Client: AWA Environmental and Wellington Water Ltd
Water utilities require detailed land cover mapping in order to support long term planning and make effective asset management decisions. Wellington Water and their partner AWA Environmental asked Lynker Analytics to use deep learning to generate high resolution impervious surface GIS data for Upper Hutt City and Lower Hutt City.
Our team has also undertaken impervious surface mapping from vertical aerial photography using our models in Auckland, Tauranga, Gisborne and Kapiti.
AWA Environmental Ltd offer pioneering computer-based mathematical modelling tools to support a range of infrastructure planning needs from flood mitigation and environmental compliance to spatial planning and asset management. These models greatly benefit from detailed land cover information.
Using our Active Learning framework and annotation libraries we trained convolutional neural network models to infer the composite impervious surface from high resolution aerial ortho-photography. We considered the impervious surface to consist of the following: roads, footpaths, bridges, driveways, carparks, industrial land, other (including concrete and other materials adjacent to built structures). An example is shown below.

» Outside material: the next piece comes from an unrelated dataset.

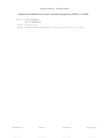 KOSZTORYS OFERTOWY Przebudowa sieci teletechnicznej w ramach przebudowy drogi gminnej nr 340301W i nr 340322 Inwestor: GMINA POKRZYWNICA Al. Jana Pawła II 1 06-121; POKRZYWNICA Obiekt: Telekomunikacja Budowa: W NOWE NIESTĘPOWO-OLBRACHCICE na odcinku od km 0+000 do km 1+ 760,00 Sprawdzający: Inwestor: Wykonawca: Wykonujący: .......... .......... .......... .......... Przedmiar Robót Opis pozycji, wyliczenie ilości robót Ilość Krot Jedn. 1 Przebudowa sieci teletechnicznej 1.001 Budowa studni kablowych prefabrykowanych rozdzielczych SK, typ SK-1, grunt kategorii III - analogia 4 0,50 szt 1.002 Montaż złączy przelotowych kabli wypełnionych ułożonych w kanalizacji kablowej lub w ziemi z zastosowaniem pojedynczych łączników żył i termokurczliwych osłon mechanicznych, kabel od 2 do 9 par - analogia 6 złącze 1.003 Budowa rurociągu kablowego na głębokości 1·m w wykopie wykonanym ręcznie, grunt kategorii III, HDPE Fi·40·mm w zwojach, 1 rura w rurociągu 0,510 1.004 Układanie kabla wypełnionego w rowie kablowym wykopanym i zasypanym mechanicznie, grunt kategorii III, kabel o średnicy do 30 mm, układanie 1 kabla 600 m 1.005 Układanie kabla wypełnionego w rowie kablowym wykopanym i zasypanym mechanicznie, grunt kategorii III, kabel o średnicy do 30 mm, układanie każdego następnego kabla 423 m 1.006 Wykonanie przepustów pod drogami i innymi przeszkodami wykopem otwartym grunt kategorii III, przepust rurą HDPE 110mm- analogia R= 0,955 M= 1,000 S= 1,000 36 m 1.007 Wykonanie przepustów pod drogami i innymi przeszkodami wykopem otwartym grunt kategorii III, przepust rurą dwudzielną AROT 160APS R= 0,955 M= 1,000 S= 1,000 26 m 1.008 Montaż złączy równoległych kabli wypełnionych ułożonych w kanalizacji kablowej z zastosowaniem modułowych łączników żył i termokurczliwych osłon wzmocnionych, kabel o 30 parach 5 złącze 1.009 Wyłączenie kabla równoległego ze złącza kabla wypełnionego ułożonego w kanalizacji kablowej z zastosowaniem termokurczliwych osłon wzmocnionych, kabel o 20 parach 5 złącze 1.010 Pomiary końcowe prądem stałym, kabel o liczbie par·30 3 odcinek km Kosztorys skrócony Opis pozycji podstawy nakładów Ilość Krot Jedn. 1 Przebudowa sieci teletechnicznej 1.001 TPSA 40/301/2 Budowa studni kablowych prefabrykowanych rozdzielczych SK, typ SK-1, grunt kategorii III analogia 4 0,50 szt 1.002 TPSA 40/701/1 Montaż złączy przelotowych kabli wypełnionych ułożonych w kanalizacji kablowej lub w ziemi z zastosowaniem pojedynczych łączników żył i termokurczliwych osłon mechanicznych, kabel od 2 do 9 par - analogia 6 1.003 TPSA 39/301/11 Budowa rurociągu kablowego na głębokości 1·m w wykopie wykonanym ręcznie, grunt kategorii III, HDPE Fi·40·mm w zwojach, 1 rura w rurociągu 0,510 złącze km 1.004 TPSA 40/502/7 Układanie kabla wypełnionego w rowie kablowym wykopanym i zasypanym mechanicznie, grunt kategorii III, kabel o średnicy do 30 mm, układanie 1 kabla 600 m 1.005 TPSA 40/502/8 Układanie kabla wypełnionego w rowie kablowym wykopanym i zasypanym mechanicznie, grunt kategorii III, kabel o średnicy do 30 mm, układanie każdego następnego kabla 423 m 1.006 KNR 502/201/5 Wykonanie przepustów pod drogami i innymi przeszkodami wykopem otwartym grunt kategorii III, przepust rurą HDPE 110mm- analogia 36 m 1.007 KNR 502/201/5 Wykonanie przepustów pod drogami i innymi przeszkodami wykopem otwartym grunt kategorii III, przepust rurą dwudzielną AROT 160APS 26 m 1.008 TPSA 40/718/3 Montaż złączy równoległych kabli wypełnionych ułożonych w kanalizacji kablowej z zastosowaniem modułowych łączników żył i termokurczliwych osłon wzmocnionych, kabel o 30 parach 5 złącze 1.009 TPSA 40/723/2 Wyłączenie kabla równoległego ze złącza kabla wypełnionego ułożonego w kanalizacji kablowej z zastosowaniem termokurczliwych osłon wzmocnionych, kabel o 20 parach 5 złącze Wartość Opis pozycji podstawy nakładów Ilość 1.010 KNR 501/1310/3 Pomiary końcowe prądem stałym, kabel o liczbie par·30 Krot 3 Jedn. Wartość odcinek Zestawienie robocizny Nazwa zawodu Jedn. Ilość Monter telekomunikacyjnych linii kablowych II r-g 82,894 Monter telekomunikacyjnych linii kablowych III r-g 18,45 Monter telekomunikacyjnych linii kablowych IV r-g 27,78 Monterzy r-g 1 104,4 Razem (z dokładnością do zaokrągleń): Cena Wartość Cena Wartość 1 233,6 Zestawienie materiałów Nazwa materiału Jedn. Ilość Beton zwykły z kruszywa naturalnego m3 0,1 Cement portlandzki zwykły "25" bez dodatków t 0,014 Farba olejna nawierzchniowa ogólnego stosowania kg 0,02 Gaz propanowo-butanowy płynny kg 4,77 Kabel XzTKMXpw 2x2x0,5 m 524 Kabel XzTKMXpw 15x4x0,5 m 514 Kołki stalowe do wstrzeliwania z nabojami i osłoną szt Lakier asfaltowy ogólnego stosowania czarny kg 1,76 Łączniki pojedyncze jednożyłowe szt 126 Łączniki żył modułowe odgałęźne szt 15 Osłona kablowa KM1 szt 4,61538 Osłona kablowa KM2 szt 1,38462 Osłona rurowa A 120 PS Arot, dzielona m Osłona termokurczliwa złączy kablowych wzmocniona kpl Piasek m3 Rura HDPE Fi·40/3,7 m 510 Rura HDPE Fi·110/6,3·mm m 36 Studnia kablowa żelbetowa SK1, przelotowa szt Taśma ostrzegawcza z folii PE do znakowania tras kablowych m Woda przemysłowa m3 Wspornik 2-kablowy szt 8 26 5 0,028 4 1 164,4 0,008 22 Razem (z dokładnością do zaokrągleń): Zestawienie sprzętu Nazwa sprzętu Jedn. Ilość Koparka łańcuchowa do rowów kablowych 37kW/50KM (1) z lemieszem spycharkowym m-g 35,52 Megaomomierz m-g 8,88 Mostek kablowy m-g 4,14 Przyczepa do przewożenia kabli m-g 28,644 Samochód dostawczy do 0.9·t (1) m-g 39,425 Samochód samowyładowczy do 5·t (1) m-g 8,84 Samochód skrzyniowy do 3.5·t (1) m-g 22,915 Samochód skrzyniowy do 5·t (1) m-g 24,84 Samochód skrzyniowy trambus 3.5-4·t m-g 21,7 Cena Wartość Nazwa sprzętu Jedn. Ilość Ubijak spalinowy 50·kg m-g 29,852 Żuraw samochodowy do 4·t (1) m-g 4,12 Razem (z dokładnością do zaokrągle
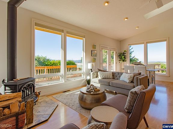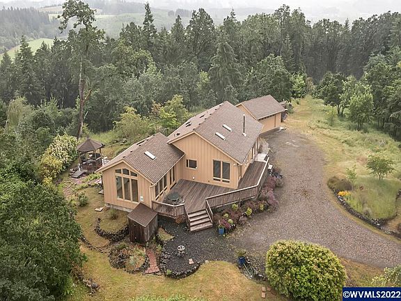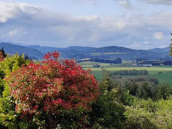360° Mountain/Valley Views! Light-Filled, Custom-built contemporary home. 5 private acres. Woodland trails, gardens, wrap around decks. Soaring windows, skylights. Chef's kitchen. Spacious open living, dining. Jotul woodstove. 400+sq.ft. Great Room. Master suite: private deck, jetted bath, walk-in shower, Sauna-ready. Energy-Efficient HVAC. Security system. ADU space. RV & Boat parking. Minutes to Finley Wildlife Refuge, Wineries, Art Center, Library, Schools, Parks, Restaurants, Health Center.

Our Active Learning frameworks ensured we captured only the most useful and informative impervious feature examples needed to train the models. The inference results (raster images) were then vectorised to produce polygons for review and validation. This can be a time-consuming part of the process but we have been successfully using automated targeted exception management processes based on the properties of the geometries that greatly reduce human review workloads.
The inference results exceeded initial expectations in the speed of capture and in the ability to make contextual inference of features beyond whats possible using traditional remote sensing techniques.
For example, our neural networks correctly identify surfaces occluded by trees by understanding the context in the image. In the example shown here the neural network has correctly inferred the existence of the driveway beneath the tree canopy. In other cases where the canopy is more dense the pervious surface is prioritised over the continuity of the underlying artificial surface.
The detailed raster and polygon data and inherent spatial statistics generated using this approach are highly effective to monitor the built environment.
The annotations we have built up are now very well matched to the built surface and vegetation profile common in New Zealand towns and cities while our models can be tuned to the domain specific decision rules needed to deal with different surface emphasis settings.
The final spatial data, as shown here, are visually interesting and can be used to inform hydrological imperviousness and hydraulic roughness for overland flow for stormwater models.
Deliverables:
- Raster impervious surface image
- Polygon feature data set describing impervious surface
- Data Quality and Accuracy report